Прекрасная коза, однако, сильно подвела Фридриха. На исходе второго месяца акции, конкретно – на пятьдесят четвёртом портрете, ближе к его завершению, коза умерла. Может быть, съела зловредную колючку, может быть, сработали какие-то внутренние неполадки. Орф остался без своей модели. Ему предстояло совершить очень нелёгкий выбор. Можно было, конечно, завезти вторую козу и оставшиеся 16 портретов нарисовать с неё. Формально Орф ничего не нарушил бы, но совесть – а совесть в предложенной системе координат ничто иное как честь художника – вряд ли осталась бы спокойной: механическая смена моделей была бы, конечно, банальным и совершенно неблагородным компромиссом. «Коз на переправе не меняют», – горько шутил Орф, грустно покусывая – за неимением усов – кончик кисточки и не подозревая, что перефразирует русскую – очередной незамеченный Фридрихом славянский штришок – то ли пословицу, то ли, бог их разберёт, поговорку. Кроме того, пусть единственность козы и не оговаривалась, но не оговаривалась в названии акции и малейшая дополнительная или, если угодно, запасная коза. Благородство Орфа, увы, знало границы, и он, возможно, пошёл бы на подлог ради приближения казавшихся уже близкими и горячими объятий Гертруды и репортеров, но помешало другое, абсолютно неразрешимое препятствие: незавершённый пятьдесят четвёртый портрет. Подмена козы на протяжении акции – пошлость, но пошлость допустимая. Физически возможная: ничего не стоило привести козу № 2 и установить на подрамнике свежий холст. Но подмена козы в одной картине – на это, как вы понимаете, не мог пойти никакой хоть немного себя уважающий талант.

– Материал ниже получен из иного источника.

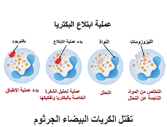 هذه الكريات البيضاء بعضها استطلاعي، بعضها تصنيعي، بعضها قتالي، بعضها خدمي، مهمة بعض هذه الكريات أن تستطلع بنية الجرثومة الداخلة، تأخذ شفرتها الكيماوية، وتعود بها إلى مركز العُقَد اللمفاوية كي يُصنّع المصل المضاد لهذه الجرثومة،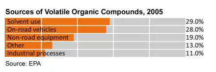 When oxides of nitrogen (NOx) and volatile organic compounds (VOCs) react in the presence of sunlight, ground level ozone is formed, a primary ingredient in smog. A 2005 U.S. EPA report gives road vehicles as the second largest source of VOCs in the U.S. at 26% and 19% are from non road equipment which is mostly gasoline and diesel stations.[15] 27% of VOC emissions are from solvents which are used in the manufacturer of paints and paint thinners and other uses.[16]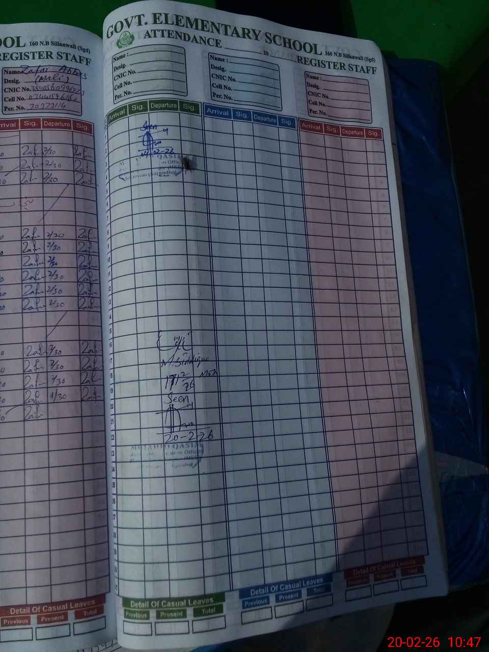| CNIC | Full Name | Designation | R/C | Absence During Last Calender Month |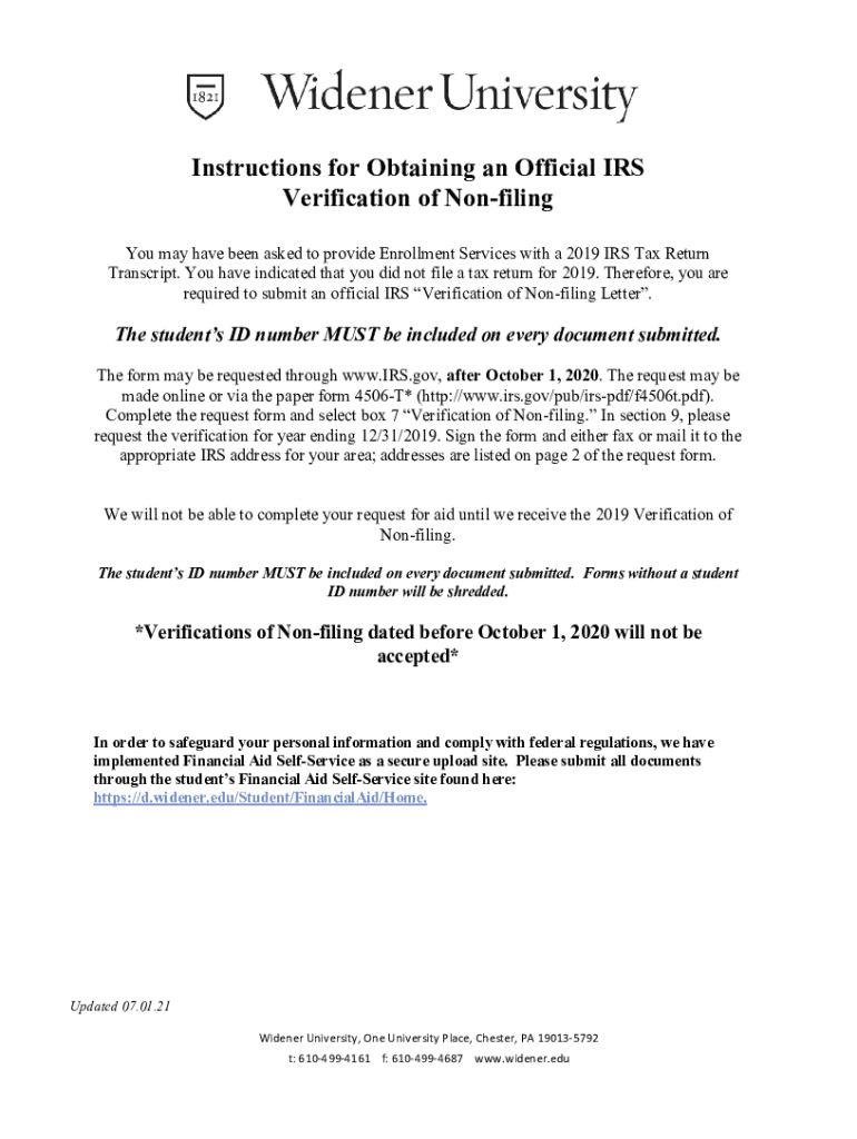 Instructions for Obtaining an Official IRS Verification of Nonfiling You may have been asked to provide Enrollment Services with a 2019 IRS Tax Return Transcript. You have indicated that you did not

Не говоря уже о Фридрихе.
Второй выход был куда более изящным: продолжать рисовать мёртвую козу. О, в этом была прелесть – и в самой синкопе сюжета, выданной не автором, но природой, и, так сказать, фактурная прелесть: ясно, что каждый следующий холст становился бы свидетелем одной из непреклонно нагнетаемых стадий разложения тела модели, климат бы выступил в роли изрядного катализатора процесса, – на последнем портрете, очевидно, лежала бы высушенная горстка позвонков... Воодушевимся: метафора жаждет продолжения: в таком случае воля художника, не желающего расставаться с изначальным, цельным образом любимой козы, выступала бы в роли ингибитора: воздух стал бы свидетелем предрешённой, но всё равно прекрасной борьбы сил природы и энергии творца. Впрочем, почему предрешённой? Сам факт про-истекания акции выбивал треугольный остров из мира тривиальных химико-биологических соответствий; сам факт проведения здесь столь ненормативного действа либо свидетельствовал о ненормальности данного куска пространства, либо подключал его к постмодернистскому космосу, – как знать, может быть, Орф одержал бы победу: коза оставалась бы нетленной до последнего мазка...; а в миг окончательного прощания кисточки с холстом тело козы – лишённое энергетической поддержки ситуации – рассыпалось бы – в прах... Красиво?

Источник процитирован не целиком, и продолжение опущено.